Features and Integrations Not Listed
The digital signature service HelloSign was purchased by Dropbox a few years ago, and its technologies are now part of Dropbox. This entails that you can submit files with a signature request and safely and legally sign documents using an electronic signature. You can ask for and get up to three signatures each month with any paid Dropbox subscription. You can upgrade to the Professional + e-Sign plan for a total of $24.99 per month to get rid of that restriction.
three screenshots of the Dropbox mobile application
The Dropbox mobile apps have extra convenience features and function just as well and as smoothly as the other apps. For instance, you may configure Dropbox to automatically upload any pictures, videos, and screenshots you take with your phone to your account. You may scan documents and save them to a folder of your choice all at once using the built-in scanner in the Dropbox mobile app.
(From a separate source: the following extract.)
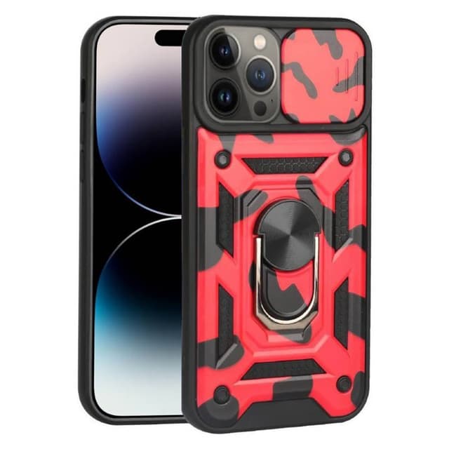 Specifikationer Produkt: Camo cover Farve: Rød Model: Apple iPhone 14 Pro Max Model nr: A2894 Materiale indeni: TPU ( Thermo Plastic Urethane ) Materiale udenfor: PC (polycarbonat)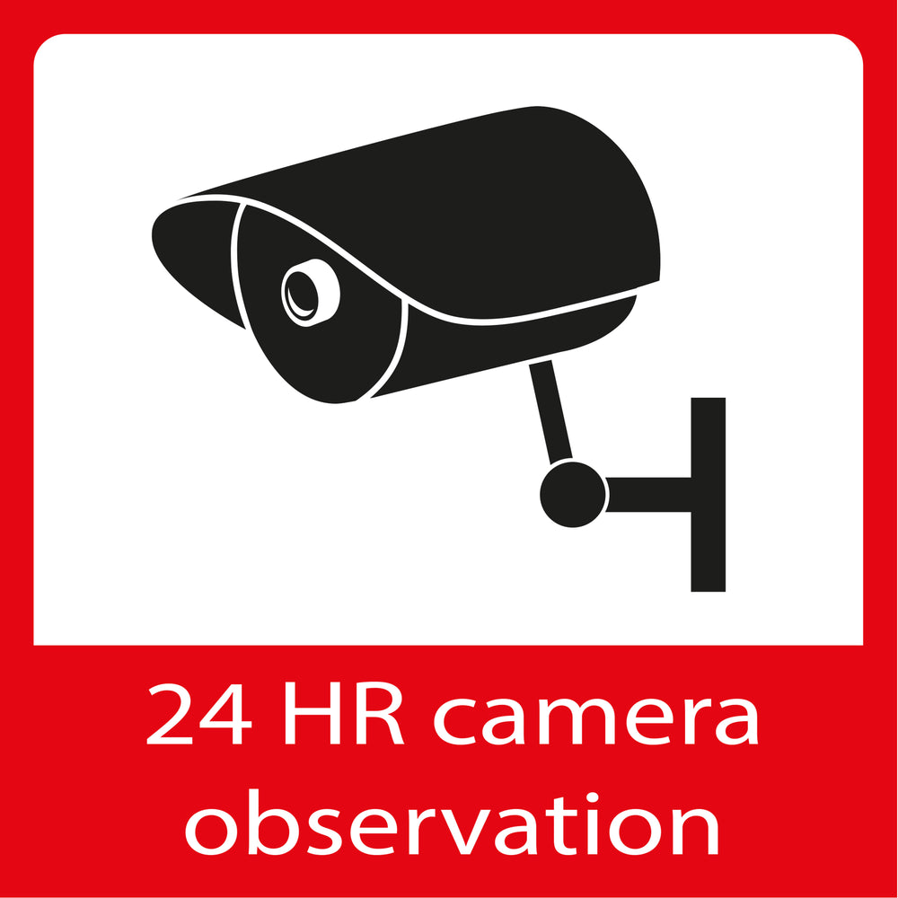 - un grand autocollant carré avec le texte « 24 HR camera observation »,

For example, if you want to show someone a snapshot you took and uploaded to Dropbox, you can label files to save offline and view only photographs.
The extent to which Dropbox supports other applications is another asset. It entered the integration market fairly early on and has a solid track record of ensuring that other well-known tools and apps, particularly productivity apps, integrate with Dropbox as seamlessly as possible.
With Extras, Simple and Reliable Syncing
The service Dropbox isn’t especially eye-catching. But what makes it appealing is the way it operates quietly, consistently, and easily in the background. Paid Dropbox accounts come with a ton of useful tools that make it simple to collaborate, share, and get signatures on documents. Are the prices higher than those of competitors, terabyte per terabyte? Yes. Making a compelling argument for Dropbox is especially challenging if you already pay for another storage service, like Google Drive or OneDrive, as part of your office suite subscription. Our Editors’ Choice winners, Microsoft OneDrive and Google Drive, continue to be those because of their excellent value and feature sets. But Dropbox is a great substitute that we wholeheartedly endorse if you don’t want to save your data with such companies and don’t mind spending a little bit more.